Bibliotheca Polyglotta

PROPOSITION 19

第十九題其系為轉理

If, as a whole is to a whole, so is a part subtracted to a part subtracted, the remainder will also be to the remainder as whole to whole. If a:b=c:d (c<a and d<b), then (a-c)=(b-d).

兩幾何。各截取一分。其所截取之比例。與兩全之比例等。則分餘之比例。與兩全之比例亦等。

For, as the whole AB is to the whole CD, so let the part AE subtracted be to the part CF subtracted; I say that the remainder EB will also be to the remainder FD as the whole AB to the whole CD.

For since, as AB is to CD, so is AE to CF, alternately also, as BA is to AE, so is DC to CF. [V. 16] And, since the magnitudes are proportional componendo, they will also be proportional separando, [V. 17] that is, as BE is to EA, so is DF to CF, and, alternately, as BE is to DF, so is EA to FC. [V. 16] But, as AE is to CF, so by hypothesis is the whole AB to the whole CD. Therefore also the remainder EB will be to the remainder FD as the whole AB is to the whole CD. [V. 11]

Therefore etc.

.

[PORISM.
From this it is manifest that, if magnitudes be proportional componendo, they will also be proportional convertendo.] Q. E. D.

PROPOSITION 20

第二十題　三支

If there be three magnitudes, and others equal to them in multitude, which taken two and two are in the same ratio, and if ex aequali the first be greater than the third, the fourth will also be greater than the sixth; if equal, equal; and, if less, less. If a:b=d:e and b:c=e:f, then, accordingly as a>=<c, also d>=<f.

有三幾何。又有三幾何。相為連比例。而第一幾何大於第三。則第四亦大於第六。第一或等、或小於第三。則第四亦等、亦小、於第六。

Let there be three magnitudes A, B, C, and others D, E, F equal to them in multitude, which taken two and two are in the same ratio, so that, as A is to B, so is D to E, and as B is to C, so is E to F; and let A be greater than C ex aequali; I say that D will also be greater than F; if A is equal to C, equal; and, if less, less.

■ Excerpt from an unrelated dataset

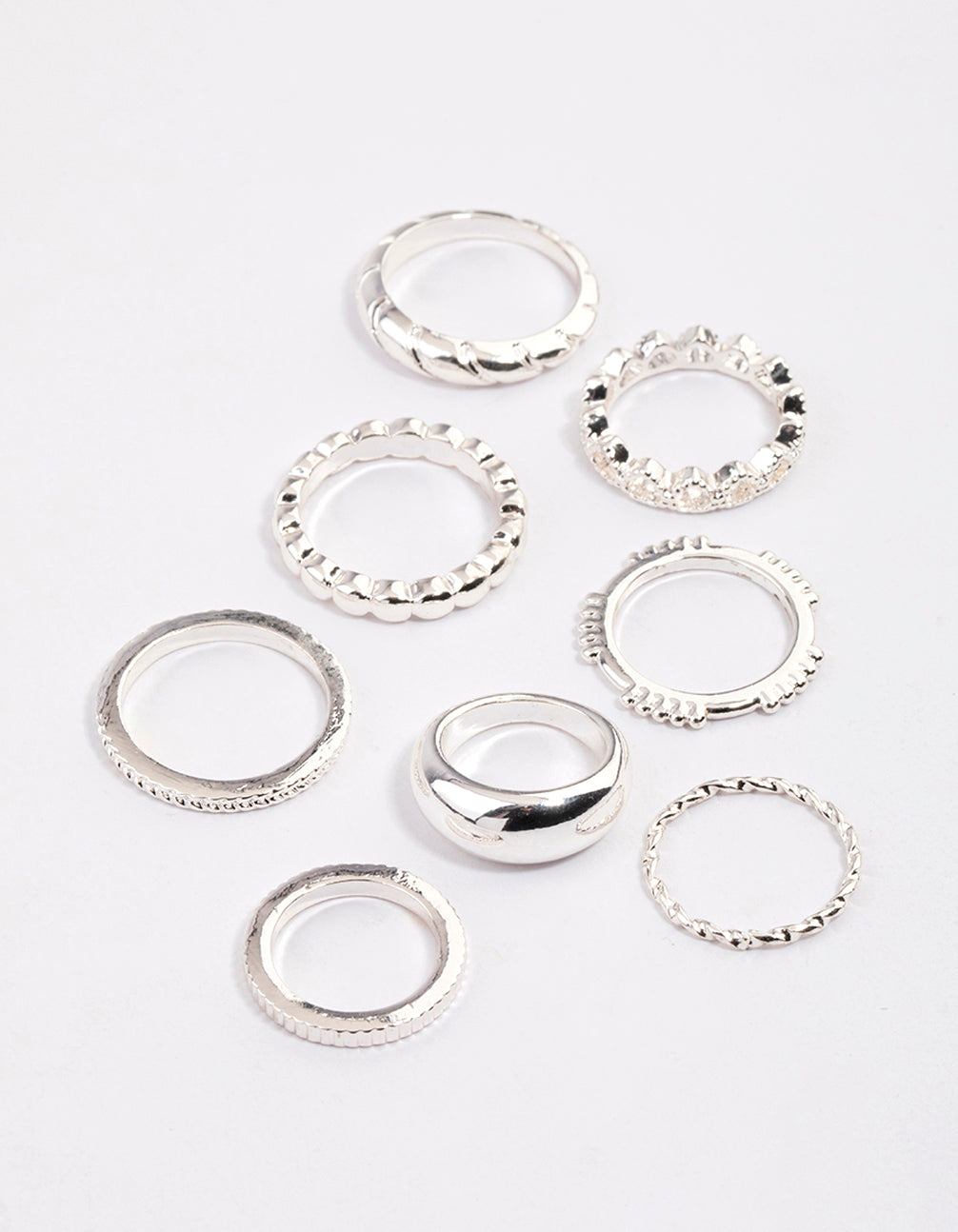 - This ring pack contains a set of dainty, silver rings with twisted textures and heart motifs for a timeless look.
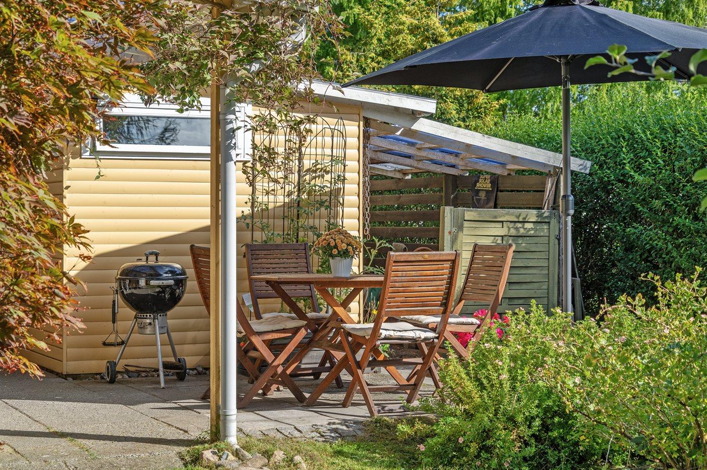 Charmant vakantiehuis bij Sortsø Strand met tuin, terras en moderne voorzieningen.

For, since A is greater than C, and B is some other magnitude, and the greater has to the same a greater ratio than the less has, [V. 8] therefore A has to B a greater ratio than C has to B. But, as A is to B, so is D to E, and, as C is to B, inversely, so is F to E; therefore D has also to E a greater ratio than F has to E. [V. 13] But, of magnitudes which have a ratio to the same, that which has a greater ratio is greater; [V. 10] therefore D is greater than F. Similarly we can prove that, if A be equal to C, D will also be equal to F; and if less, less.

Therefore etc. Q. E. D.

PROPOSITION 21.

第二十一題　三支

If there be three magnitudes, and others equal to them in multitude, which taken two and two together are in the same ratio, and the proportion of them be perturbed, then, if ex aequali the first magnitude is greater than the third, the fourth will also be greater than the sixth; if equal, equal; and if less, less. If a:b=e:f and b:c=d:e, then, accordingly as a>=<c, also d>=<f.

有三幾何。又有三幾何。相為連比例而錯。以平理推之。若第一幾何大於第三。則第四亦大於第六。若第一或等、或小、於第三。則第四亦等、亦小、於第六。

Let there be three magnitudes A, B, C, and others D, E, F equal to them in multitude, which taken two and two are in the same ratio, and let the proportion of them be perturbed, so that, as A is to B, so is E to F, and, as B is to C, so is D to E, and let A be greater than C ex aequali; I say that D will also be greater than F; if A is equal to C, equal; and if less, less.

For, since A is greater than C, and B is some other magnitude, therefore A has to B a greater ratio than C has to B. [V. 8] But, as A is to B, so is E to F, and, as C is to B, inversely, so is E to D. Therefore also E has to F a greater ratio than E has to D. [V. 13] But that to which the same has a greater ratio is less; [V. 10] therefore F is less than D; therefore D is greater than F. Similarly we can prove that, if A be equal to C, D will also be equal to F; and if less, less.

Therefore etc. Q. E. D.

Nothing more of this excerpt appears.